(DATA FOR THE TASK)
────────────────

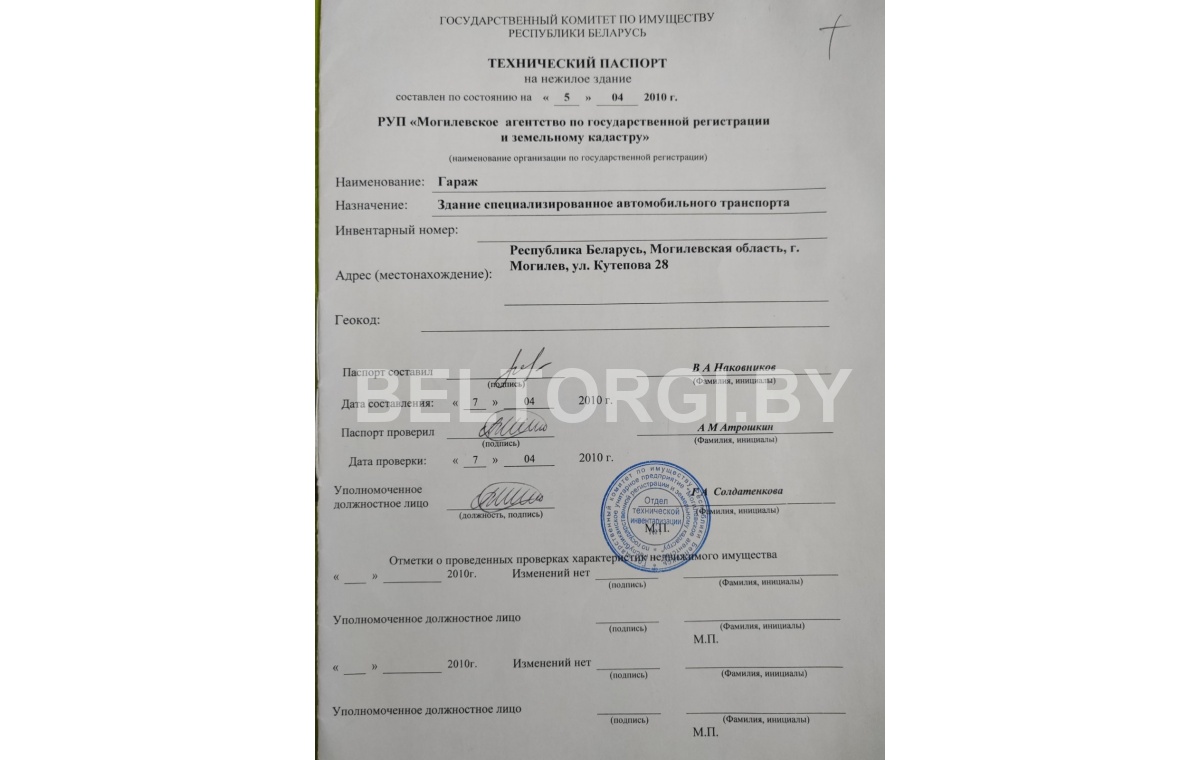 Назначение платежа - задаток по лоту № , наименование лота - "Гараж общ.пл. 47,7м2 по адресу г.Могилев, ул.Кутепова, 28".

────────────────

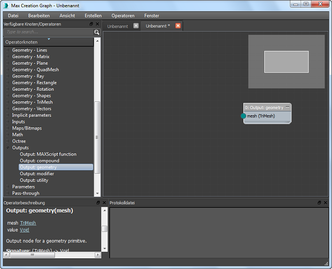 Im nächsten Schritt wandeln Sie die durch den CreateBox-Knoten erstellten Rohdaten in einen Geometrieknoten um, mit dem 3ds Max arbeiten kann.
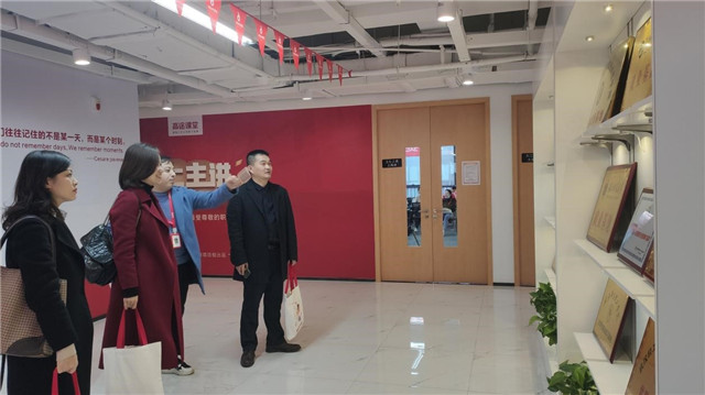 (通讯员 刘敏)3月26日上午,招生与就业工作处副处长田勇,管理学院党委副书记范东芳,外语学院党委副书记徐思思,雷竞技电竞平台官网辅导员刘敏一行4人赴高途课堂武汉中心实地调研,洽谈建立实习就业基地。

────────────────

(WORK REQUIRED)
Although the records above contain pictures, the copy should not; retype exactly the lines from the one containing "Im nächsten Schritt" through the one containing "(通讯员 刘敏)3月26日上".

(RESULT FOR THIS TASK)
 Im nächsten Schritt wandeln Sie die durch den CreateBox-Knoten erstellten Rohdaten in einen Geometrieknoten um, mit dem 3ds Max arbeiten kann.
 (通讯员 刘敏)3月26日上午,招生与就业工作处副处长田勇,管理学院党委副书记范东芳,外语学院党委副书记徐思思,雷竞技电竞平台官网辅导员刘敏一行4人赴高途课堂武汉中心实地调研,洽谈建立实习就业基地。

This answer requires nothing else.